Copy exactly the lines starting at the one that contains "Située dans un" and running through the end of the material below. Exclude any pictures.

| DATA PROVIDED |
------------

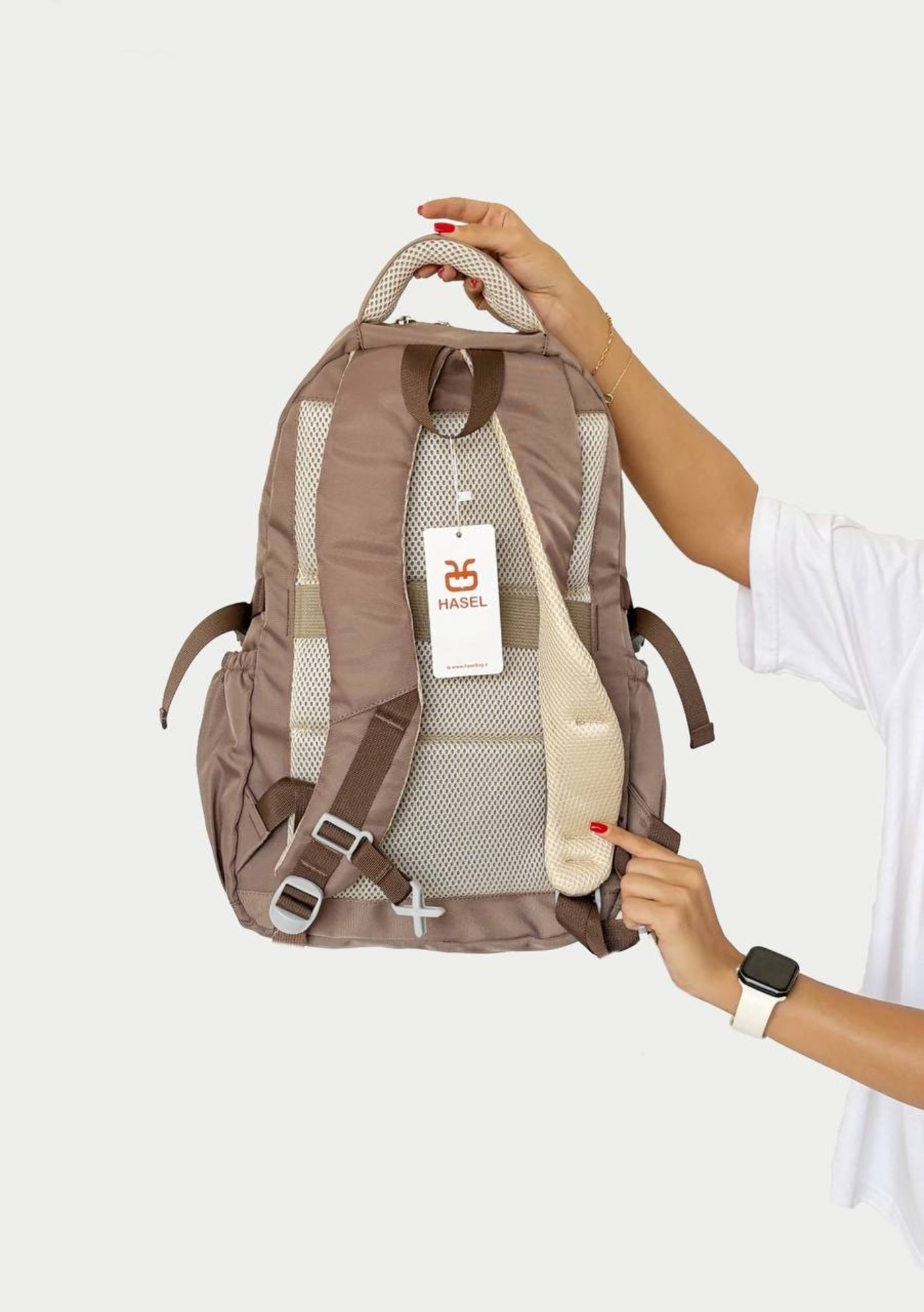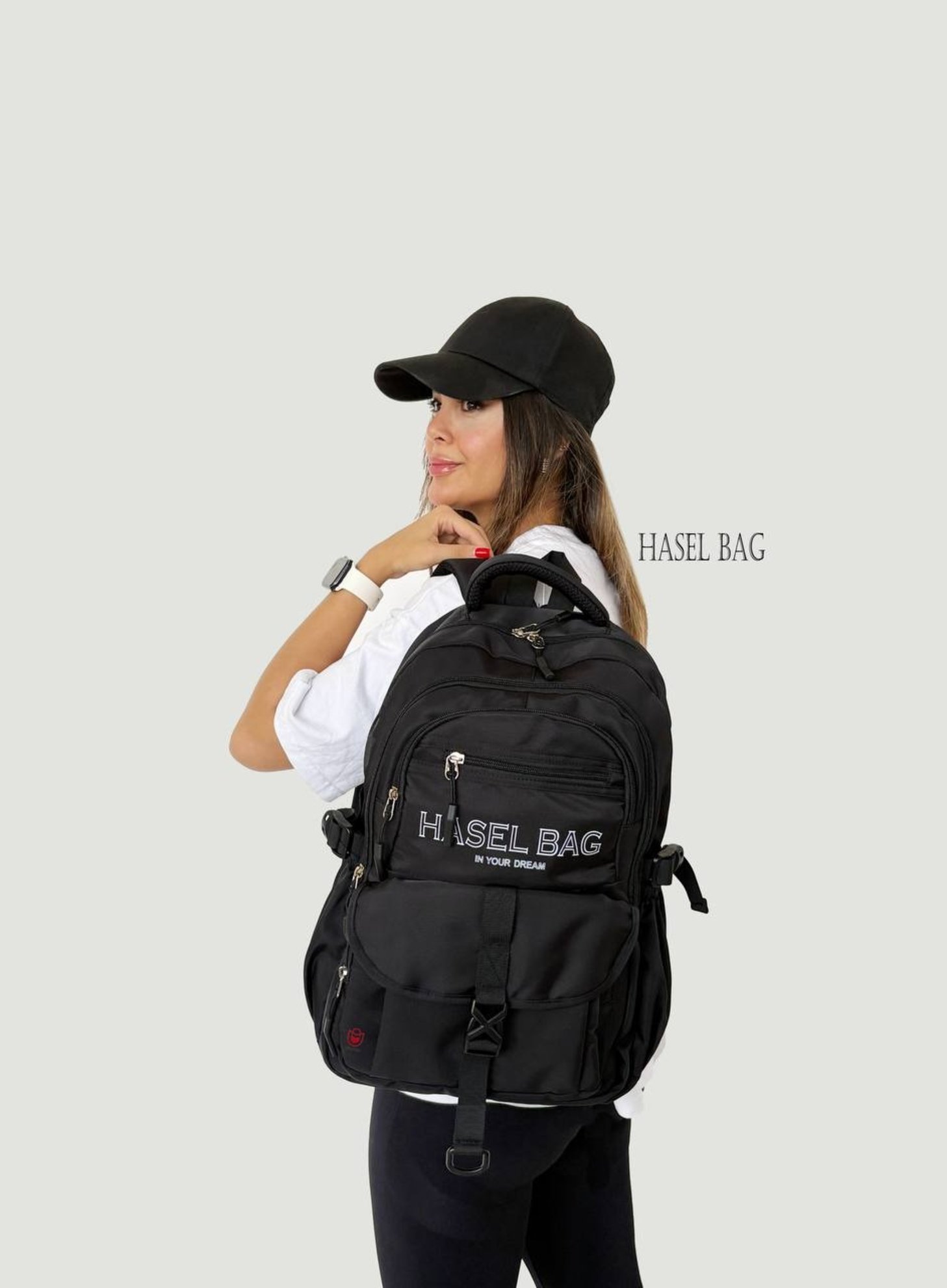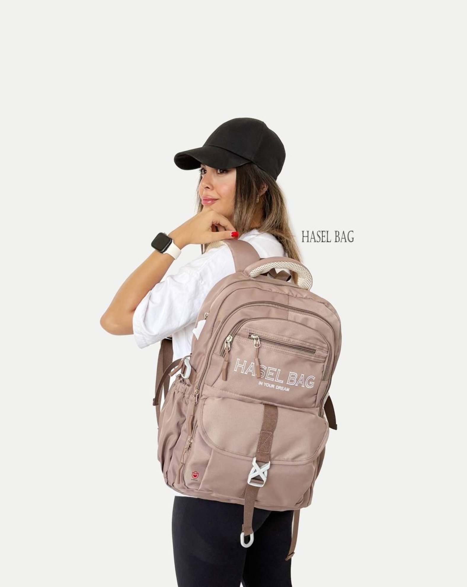 دارای یک قسمت اصلی و سه قسمت زیپ دار و یک جیب سکگی دو جیب قمقمه ای
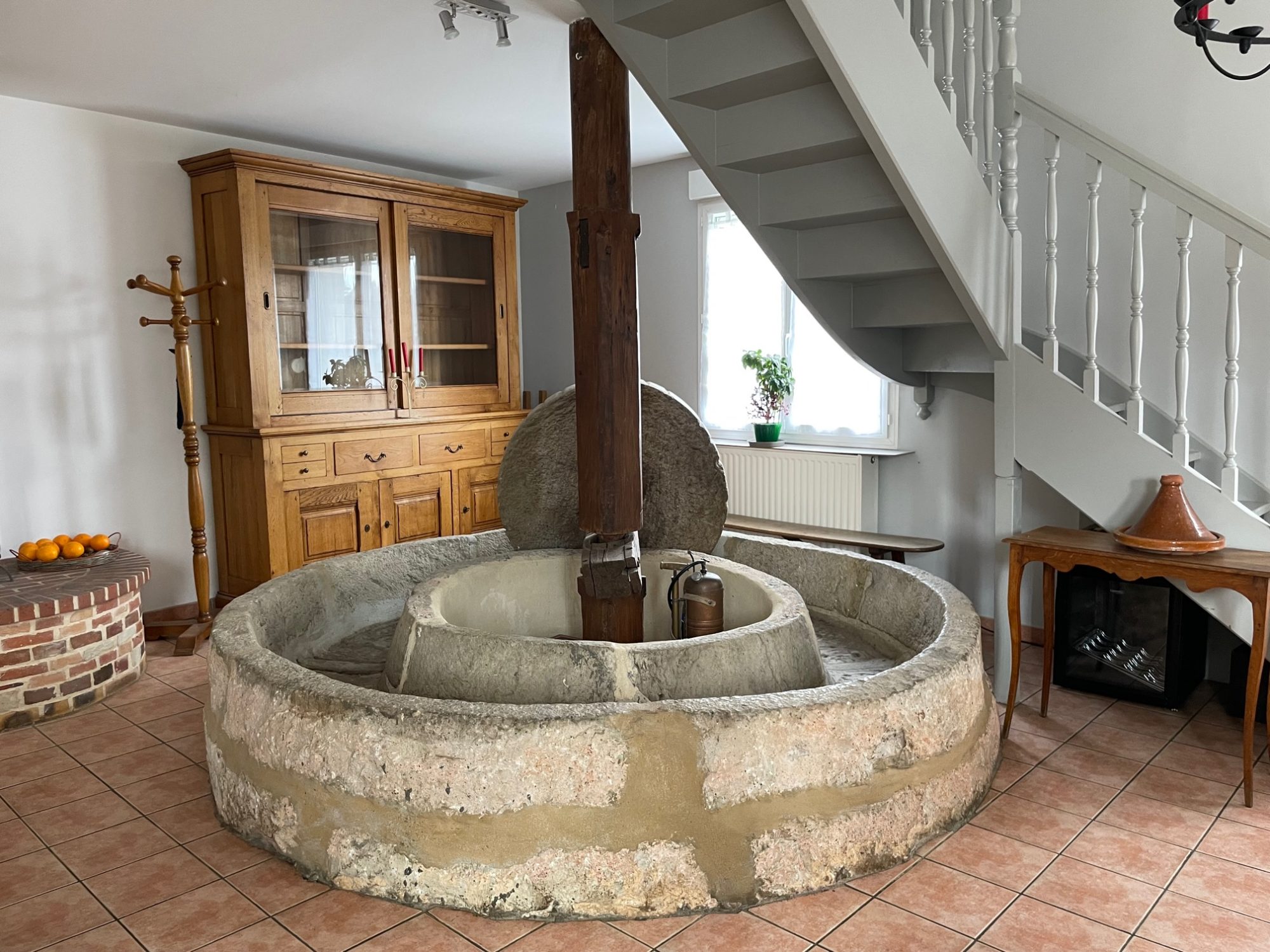 Située dans un village avec toutes les commodités à pied écoles, collège, commerces, cette maison autrefois faisait partie d'un corps de ferme offre un beau volume avec un espace de vie de plain-pied. Elle se compose au rez-de-chaussée d'un séjour salon avec colombages et une cheminée avec insert, d'une cuisine ouverte, d'un toilette avec lave main et d'une suite parentale avec salle d'eau. A l'étage une pièce palière pouvant accueillir un bureau, dessert une chambre avec salle de bain et WC, un dressing et une 3ème chambre avec une salle d'eau et WC. Cette pièce d'eau communique avec le studio qui se compose d'une grande chambre à l'étage, et d'une kitchenette salle à manger au rdc. Ce dernier espace pouvant être indépendant de la maison principale, il est envisageable de prévoir une location type AIRBNB et d'agrandir en terminant l'aménagement du grenier de 12 m² . Cette maison est complétée par une chaufferie/buanderie, un atelier, un bûcher.
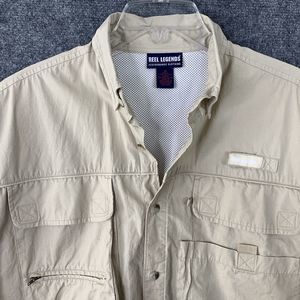 Reel Legions Performance Vented Fishing Shirt Men M Tan Pockets Short Sleeves

------------

| RESULT OF THE EXERCISE |
 Située dans un village avec toutes les commodités à pied écoles, collège, commerces, cette maison autrefois faisait partie d'un corps de ferme offre un beau volume avec un espace de vie de plain-pied. Elle se compose au rez-de-chaussée d'un séjour salon avec colombages et une cheminée avec insert, d'une cuisine ouverte, d'un toilette avec lave main et d'une suite parentale avec salle d'eau. A l'étage une pièce palière pouvant accueillir un bureau, dessert une chambre avec salle de bain et WC, un dressing et une 3ème chambre avec une salle d'eau et WC. Cette pièce d'eau communique avec le studio qui se compose d'une grande chambre à l'étage, et d'une kitchenette salle à manger au rdc. Ce dernier espace pouvant être indépendant de la maison principale, il est envisageable de prévoir une location type AIRBNB et d'agrandir en terminant l'aménagement du grenier de 12 m² . Cette maison est complétée par une chaufferie/buanderie, un atelier, un bûcher.
 Reel Legions Performance Vented Fishing Shirt Men M Tan Pockets Short Sleeves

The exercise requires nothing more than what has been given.